2.Bölüm "i don't feel anything"

53 8 18
                                    


** Şarkı önerisi  Falling-Trevor Daniel**

Yazardan

Gözlerini açtığında ormanın ortasında beyaz bir yatakta yatıyordu. Yavaşça doğruldu önce kendine baktı. Vücudunda herhangi bir yara, kan lekesi, ıslaklık yoktu. Ölmenin bu kadar kolay olabileceğini bilmiyordu. Düşünceleri bir kenara bıraktı ve etrafına bakındı. Burası bir ormandı.İçinden' Ölmüş olmalıyım.' diye geçirdi. Ayağa kalktı ve çıplak ayaklarıyla ormanda yürümeye başladı. Nereye gittiğini bilmiyordu önemsemiyordu da zaten. Öylece yürümeye devam etti.
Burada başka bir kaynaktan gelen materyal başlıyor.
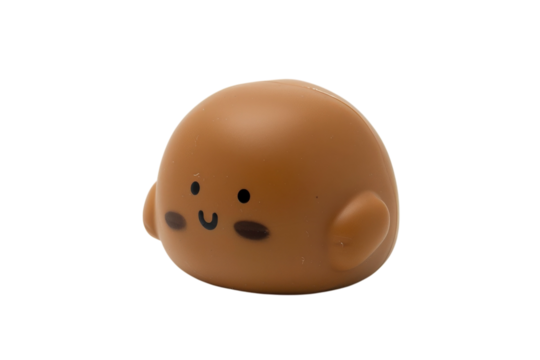 Cute, rounded figure with cheerful expression relaxing on a clean, white surface during a bright, sunny day at home isolated on transparent background
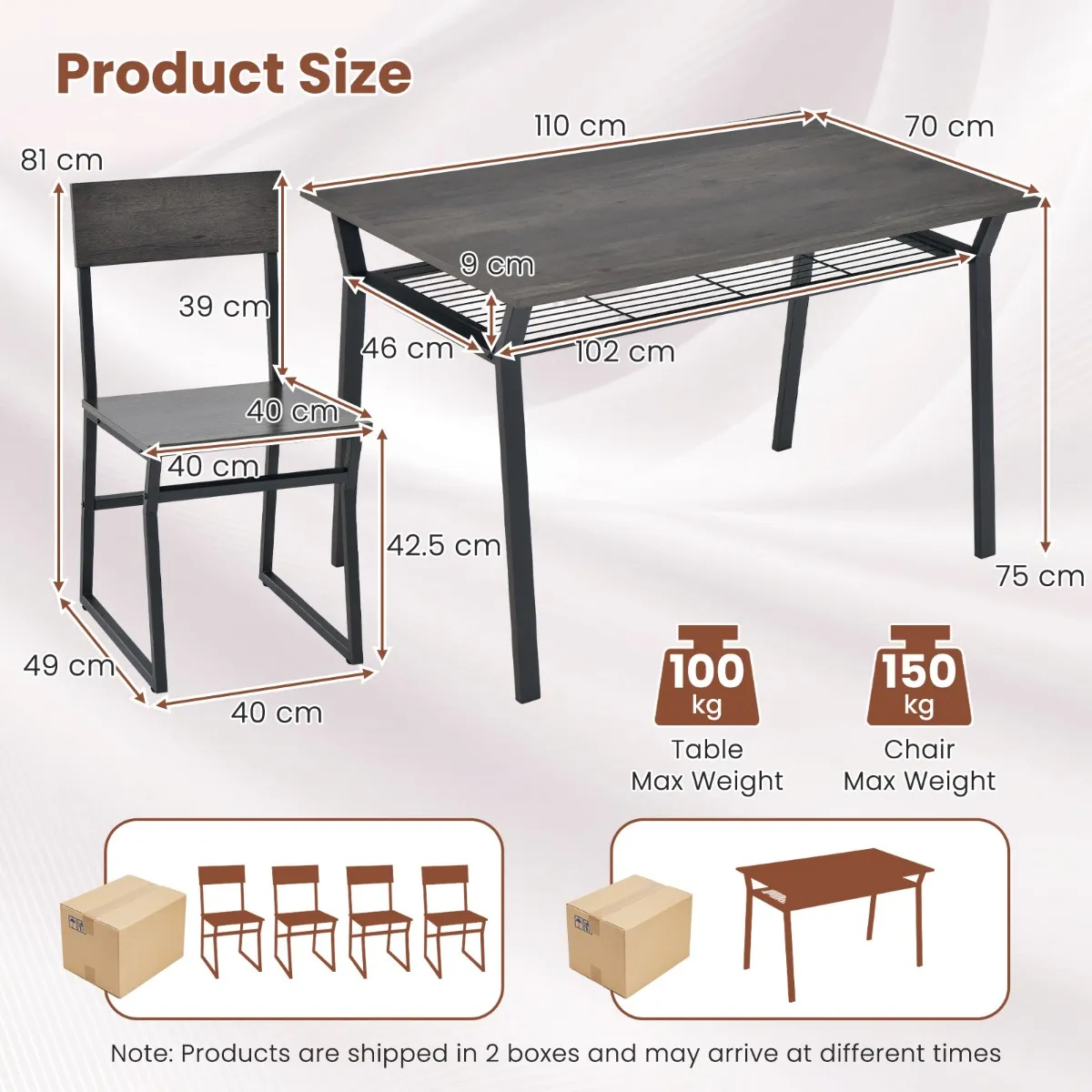 - Afmetingen tafel: 110 x 70 x 75 cm (L x B x H)
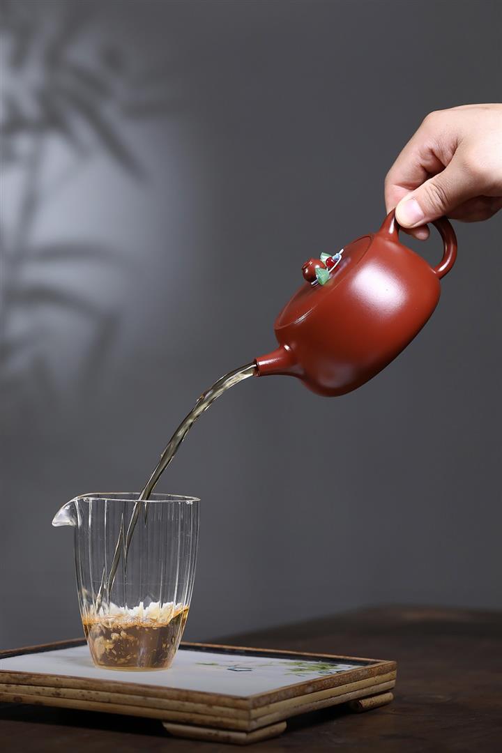 【泥料特點】砂土氣重,似淳實農民,日久使用,漸露鋒芒,養成變化,溫潤莊重。紫砂是壹種雙重氣孔結構的多孔性材質,氣孔微細,密度高。用紫砂壺沏茶,不失原味,且香不渙散,得茶之真香真味。紫砂使用越久,壺身色澤越發光亮照人,氣韻溫雅。紫砂壺長久使用器身會因撫摸擦拭,變得越發溫潤光澤。
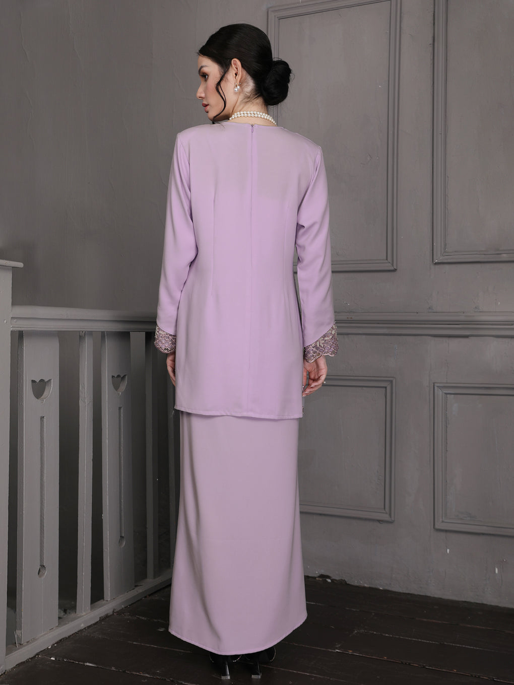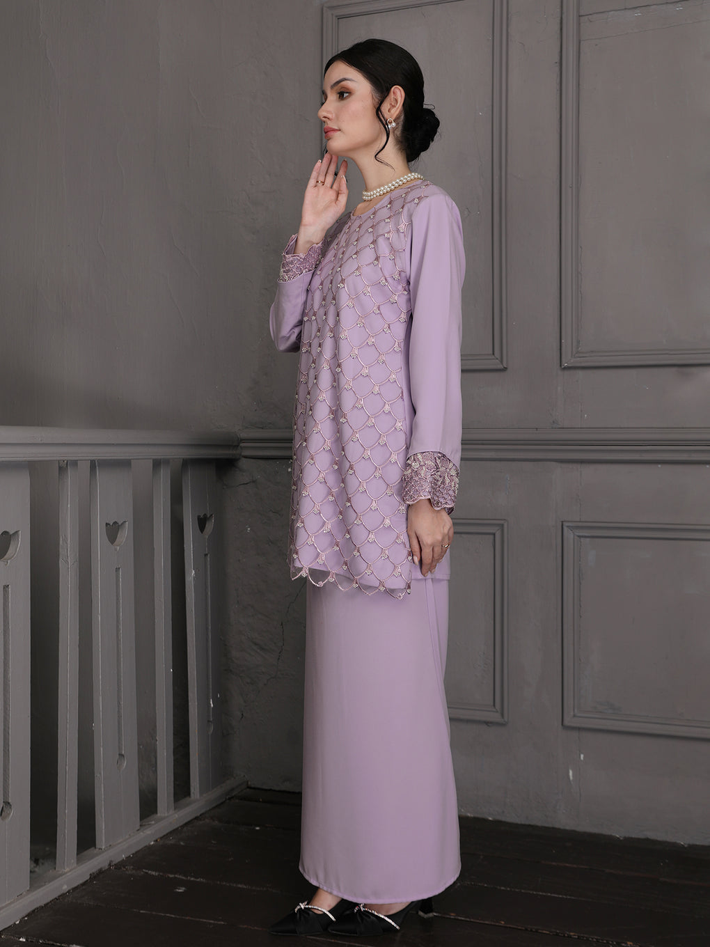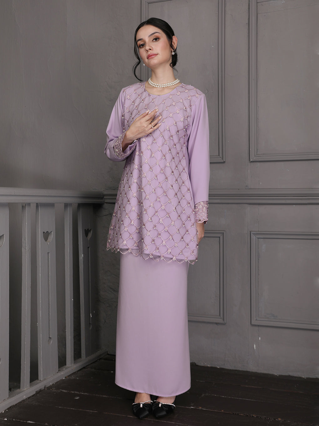 Baju Kurung Moden Idalia Luxurious and exclusive beaded lace delicately sewn for a rich and stunning look. The interlining are made of soft hand-feel jojo crepe fabric.
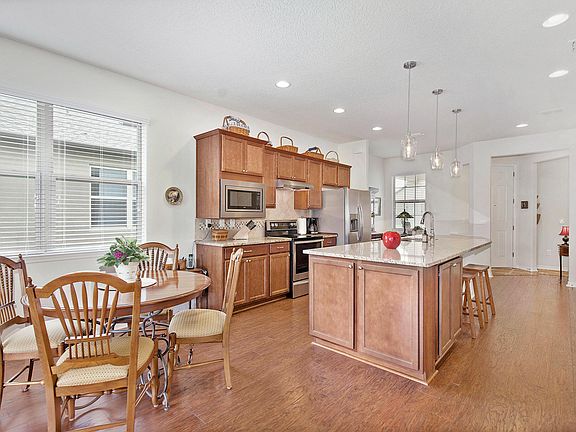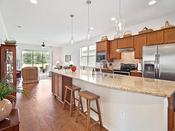 Steel Creek 2/2/2 on the meadow with tree line! This is a better than new home, just 7 months young and ready for sale. High end laminate floors throughout except wet areas, upgrades all over the house, cabinets, countertops, backsplash, pendant lights, Ceiling fans, comfort height bath cabinets, SS upgraded appliances, blinds, and rounded corners. The lanai is screened in and the view is fabulous. The garage has epoxy floor and screen garage door, with utility sink, and overhead storage racks. WOW if you want a garden home in Stone Creek and do not want to go thru the building process than you need to hurry this one is going fast!

Bir süre yürüdükten sonra ormanın derinliklerinden iki farklı ses duyuldu. Birisini tanıyordu. 'Buradayım' diyordu ses. Sesin geldiği yere doğru koşmaya başladı. Bu kez yapabilirdi. Ona koşabilirdi. Bir süre daha koştu ama bulamıyordu sesi. Sanki oğlan ona yaklaştıkça ses ondan uzaklaşıyordu. Bir saniyeliğine durdu ve etrafına baktı. Artık ses ondan daha da uzaklaşmıştı.

Düşünmeye başladı 'Neredeyim ben?'. Ayaklarında bir acı hissediyordu. Gözlerini ormandan çekip ayaklarının kan içinde kaldığını fark etti. Sadece ayakları değildi kanayan. Bacakları kolları da kanıyordu. Kıyafetleri yırtılmıştı ve her tarafında kan vardı.

Orada ne kadar kaldığını bilmeden öylece durdu. Ne kadar zaman geçmişti, neredeydi... Kafası sorularla doluyken o tanıdığı ses tekrar duyuldu. Tekrardan koşmaya başladı. Koştu, koştu... Artık sese daha yakındı. Fakat onu gördüğü anda  ayaklarını hareket ettirememeye başladı. Yeniden ve yeniden denedi. Ama olmuyordu. Ona seslenmeyi düşündü. Ve bütün gücüyle bağırdı ''BURADAYIM!. BURAYA BAK!.''. Ne yaparsa yapsın onu duymuyor ve görmüyordu.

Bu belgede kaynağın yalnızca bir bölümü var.